La fiscalité écologique se situe clairement du côté du second objectif. Son efficacité tient, en effet, à ce qu’elle peut, en modifiant les prix relatifs, contribuer à changer les comportements des agents économiques. La fiscalité écologique est l’expression la plus aboutie du principe pollueur-payeur.

Au cours de sa préhistoire, la fiscalité écologique était constituée -et l’est encore pour une large part, notamment en France- de taxes de financement : en substitut à des ressources publiques insuffisantes ou en substitut à une insuffisante volonté de prélever les ressources nécessaires sur le budget de l’Etat, des taxes sectorielles chargées de financer les besoins desdits secteurs ont été créées : redevances des agences de l’eau, taxe sur la mise en décharge, taxe sur les aéronefs, etc… répondent à cette logique.

L’émergence des sujets globaux -au premier chef celui de l’effet de serre- a remis à l’ordre du jour la question des taxes pigouviennes et, en particulier, celle de la taxation du carbone. Depuis désormais plus de vingt ans, le débat politique, de façon cyclique, porte sur la création de taxes « carbone » ; au-delà du seul carbone, il porte sur la nécessité de donner un rôle incitatif à un certain nombre de taxes de financement (réforme des redevances perçues au profit des agences de l’eau, par exemple).

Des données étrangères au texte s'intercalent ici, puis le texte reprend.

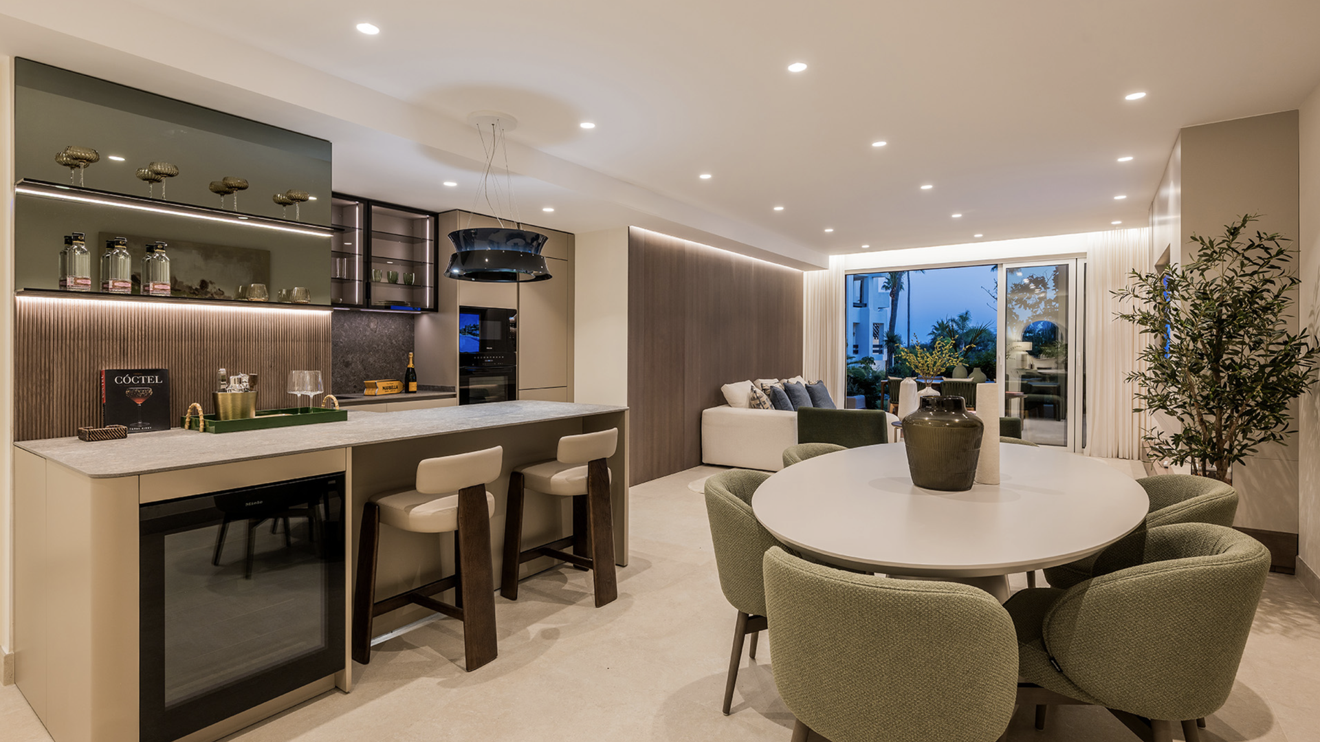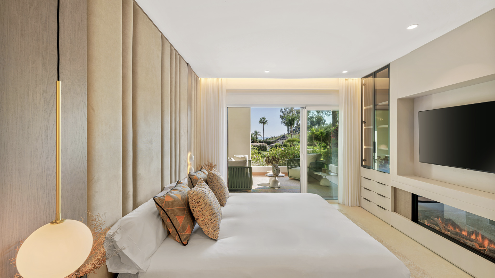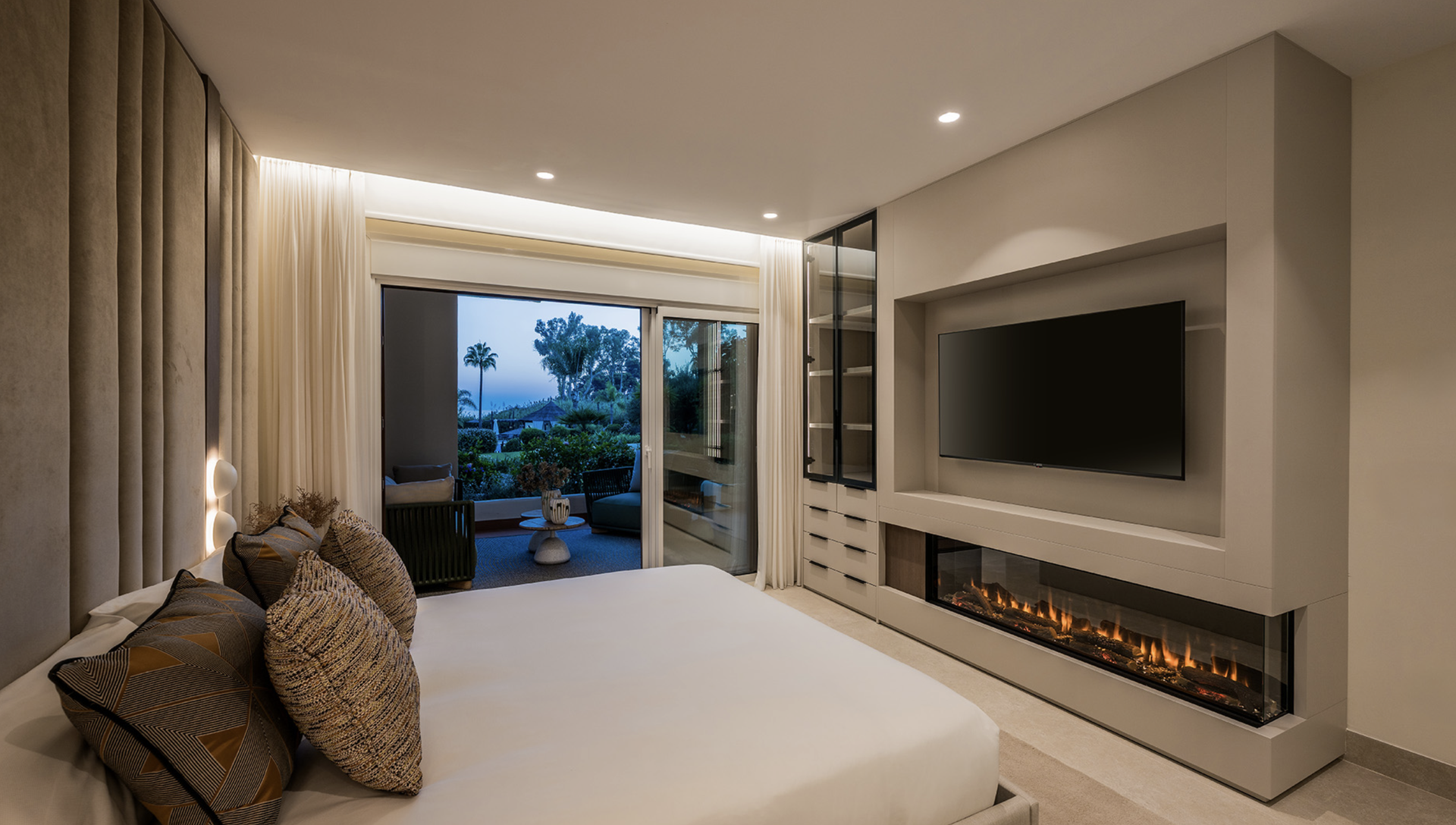 BahÍa del Velerín 3.1, Bahía del Velerín is an exclusive community situated between Marbella and Estepona. It features a stunning pool area with a snack bar, lush tropical gardens, and round-the-clock security. This prime location offers access to one of the best beaches in the region. The apartment includes an underground parking space and a convenient storage room in the basement. This ground-floor apartment offers the perfect blend of luxury and tranquility. The apartment has direct access to a private terrace and lush tropical gardens. The peaceful atmosphere of the community enhances the feeling of serenity, while the modern design of the apartment ensures comfort and style. This stunning apartment features an open-plan living space with contemporary furnishings and high-end finishes, including custom wardrobes, elegant flooring, an electric fireplace, and a Bang & Olufsen sound system. The designer kitchen is fully equipped, and the open living area leads to a private terrace with sea views. Fully furnished and ready to move in.

Ce débat est d’autant plus prégnant que, contrairement à la définition traditionnelle, il peut y avoir des taxes pigouviennes à assiette large : c’est, bien sûr, le cas des énergies fossiles ; à cet égard, la taxe intérieure sur les produits pétroliers (TIPP) est, par son montant, le premier impôt écologique.

Par ailleurs, ce débat est souvent couplé à celui sur le poids des prélèvements obligatoires, notamment dans des économies à fort taux de chômage où le poids de la masse salariale est considéré comme un frein à l’emploi. Ce débat trouve alors un habillage confortable : à prélèvements globalement constants, il s’agit de réduire les prélèvements sur les ressources abondantes et renouvelables -le travail- et d’accroître les prélèvements sur les ressources rares (ou à avenir réduit), polluantes et non renouvelables -les énergies fossiles-. C’est ce que l’on appelle le double dividende de la fiscalité écologique : le dividende pour l’emploi, le dividende pour l’environnement.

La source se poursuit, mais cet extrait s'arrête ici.